The team started the work at the highest level of containment, BSL-4, at Canada's National Microbiology Laboratory in Winnipeg. Then they decided the viruses were safe enough to handle at the next level down, and did the rest of the work across the border in a BSL-3Ag lab in Madison. The main difference between BSL-4 and BSL-3Ag is that precautions to ensure staff do not get infected are less stringent: while BSL-4 involves wearing fully enclosed body suits, those working at BSL-3Ag labs typically have half-suits.
Kawaoka told New Scientist that the decision to move down to BSL-3Ag was taken only after experiments at BSL-4 showed that giving mice the antiviral drug oseltamivir (Tamiflu) in advance prevented them getting sick. This means, he says, that if all lab workers take oseltamivir "they cannot become infected".
Contradictory results
Yet this assumes that the mouse results apply to humans. And the findings have not been published. In similar experiments, Terrence Tumpey's team at the US Department of Agriculture's poultry research lab in Athens, Georgia, got quite different results: they found that mice given oseltamivir still got sick and 1 in 10 died. It is not clear why Kawaoka's mice fared better.
What is more, all the safety precautions are aimed at preventing escape, not dealing with it should it occur. If any of Kawaoka's lab workers are exposed to the virus despite all the precautions, and become infected despite taking oseltamivir, the consequences could be disastrous.
"I experienced disbelief regarding the decision to relocate the reconstructed 1918 influenza strain from a BSL-4 facility to a BSL-3 facility, based on its susceptibility to antiviral medication," Ronald Voorhees, chief medical officer at the New Mexico Department of Health, wrote on ProMED-mail, an infectious diseases mailing list.
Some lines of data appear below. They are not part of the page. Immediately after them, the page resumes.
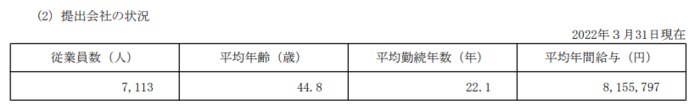 東京電力ホールディングス(提出会社)の2022年3月末時点での従業員数、平均年齢、平均勤続年数および平均年間給与は以下の通りです。
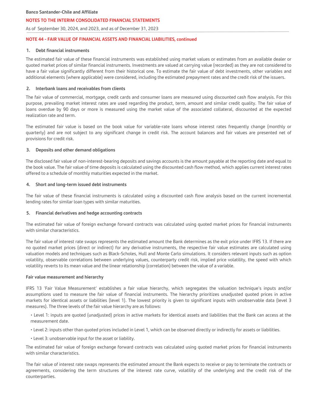 NOTE 44 - FAIR VALUE OF FINANCIAL ASSETS AND FINANCIAL LIABILITIES, continued 1. Debt financial instruments The estimated fair value of these financial instruments was established using market values or estimates from an available dealer or quoted market prices of similar financial instruments. Investments are valued at carrying value (recorded) as they are not considered to have a fair value significantly different from their historical one. To estimate the fair value of debt investments, other variables and additional elements (where applicable) were considered, including the estimated prepayment rates and the credit risk of the issuers. 2. Interbank loans and receivables from clients The fair value of commercial, mortgage, credit cards and consumer loans are measured using discounted cash flow analysis. For this purpose, prevailing market interest rates are used regarding the product, term, amount and similar credit quality. The fair value of loans overdue by 90 days or more is measured using the market value of the associated collateral, discounted at the expected realization rate and term. The estimated fair value is based on the book value for variable-rate loans whose interest rates frequently change (monthly or quarterly) and are not subject to any significant change in credit risk. The account balances and fair values are presented net of provisions for credit risk. 3. Deposits and other demand obligations The disclosed fair value of non-interest-bearing deposits and savings accounts is the amount payable at the reporting date and equal to the book value. The fair value of time deposits is calculated using the discounted cash flow method, which applies current interest rates offered to a schedule of monthly maturities expected in the market. 4. Short and long-term issued debt instruments The fair value of these financial instruments is calculated using a discounted cash flow analysis based on the current incremental lending rates for similar loan types with similar maturities. 5. Financial derivatives and hedge accounting contracts The estimated fair value of foreign exchange forward contracts was calculated using quoted market prices for financial instruments with similar characteristics. The fair value of interest rate swaps represents the estimated amount the Bank determines as the exit price under IFRS 13. If there are no quoted market prices (direct or indirect) for any derivative instruments, the respective fair value estimates are calculated using valuation models and techniques such as Black-Scholes, Hull and Monte Carlo simulations. It considers relevant inputs such as option volatility, observable correlations between underlying values, counterparty credit risk, implied price volatility, the speed with which volatility reverts to its mean value and the linear relationship (correlation) between the value of a variable. Fair value measurement and hierarchy IFRS 13 'Fair Value Measurement' establishes a fair value hierarchy, which segregates the valuation technique's inputs and/or assumptions used to measure the fair value of financial instruments. The hierarchy prioritizes unadjusted quoted prices in active markets for identical assets or liabilities (level 1). The lowest priority is given to significant inputs with unobservable data (level 3 measures). The three levels of the fair value hierarchy are as follows: • Level 1: inputs are quoted (unadjusted) prices in active markets for identical assets and liabilities that the Bank can access at the measurement date. • Level 2: inputs other than quoted prices included in Level 1, which can be observed directly or indirectly for assets or liabilities. • Level 3: unobservable input for the asset or liability. The estimated fair value of foreign exchange forward contracts was calculated using quoted market prices for financial instruments with similar characteristics. The fair value of interest rate swaps represents the estimated amount the Bank expects to receive or pay to terminate the contracts or agreements, considering the term structures of the interest rate curve, volatility of the underlying and the credit risk of the counterparties. Banco Santander-Chile and Affiliate NOTES TO THE INTERIM CONSOLIDATED FINANCIAL STATEMENTS As of September 30, 2024, and 2023, and as of December 31, 2023
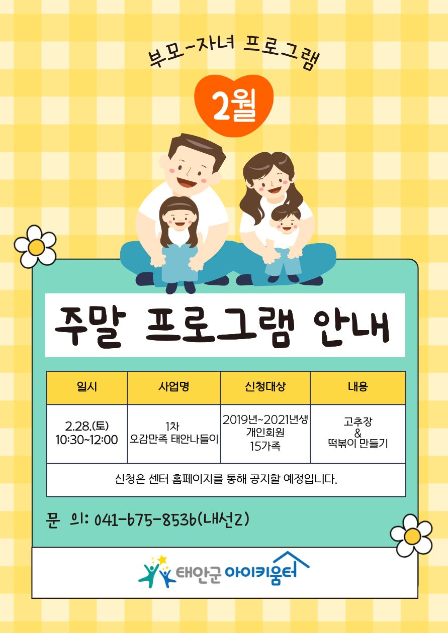 | [ºÎ¸ðÀÚ³à]2¿ù ÁÖ¸» ÇÁ·Î±×·¥ ¾È³» | |||||
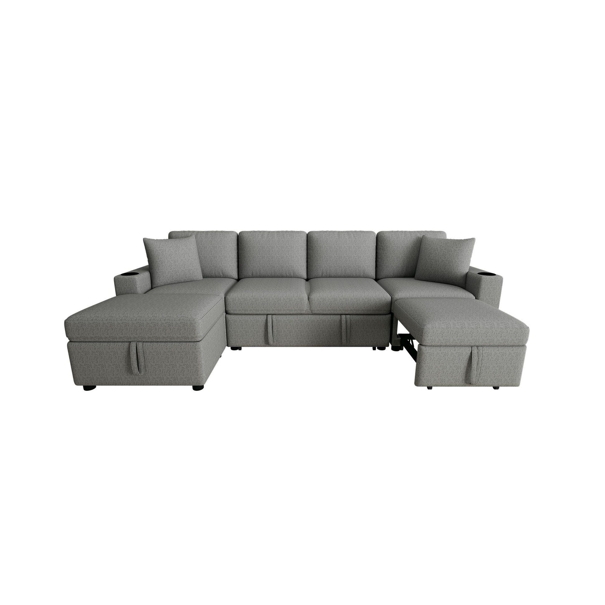 • This modular pull-out sofa combines flexible seating, a convertible sleeper, and hidden storage in one streamlined design. Featuring built-in USB ports, dual cup holders, and plush chenille upholstery, it offers adaptable comfort for modern living spaces.

Yet Kawaoka's decision does comply with the US National Institutes of Health guidelines for BSL-3 agents: those causing "serious or lethal human disease for which preventive or therapeutic interventions may be [its italics] available". In fact, he is considered unusually cautious. "Kawaoka should be applauded for using BSL-4 at all," says Richard Webby, a flu researcher at St Jude's Children's Hospital in Memphis, Tennessee.
Exposing monkeys
By contrast, the team in Georgia, the first to experiment with genetically engineered 1918 viruses, did all its work at BSL-3Ag. Meanwhile, Michael Katze at the University of Washington at Seattle is planning to expose monkeys to aerosols of 1918-type viruses at BSL-3, a step down from BSL-3Ag. The recent SARS escapes were from BSL-3 labs.
"We would have to do any such work at BSL-4," says John Wood of the UK's National Institute for Biological Standards and Control. In the US, the differing standards applied by different groups are due to the fact that experiments on engineered viruses such as the 1918 flu are approved on a case-by-case basis by Institutional Biosafety Committees (IBCs), composed of local scientists and officials. Critics say these are free to interpret the official guidelines in a way that suits them.
"There is no effective national system to ensure consistency, responsibility and good judgement in such research," says Edward Hammond of the Sunshine Project, a biosecurity pressure group in Austin, Texas. In a review of IBCs published this month, he found that many would not provide minutes of recent meetings as required by law.
He says the IBC that approved the planned 1918 flu study at the University of Washington considered only one scenario that could result in workers being exposed to airborne virus - the dropping of samples. Its solution: lab workers "will be trained to stop breathing".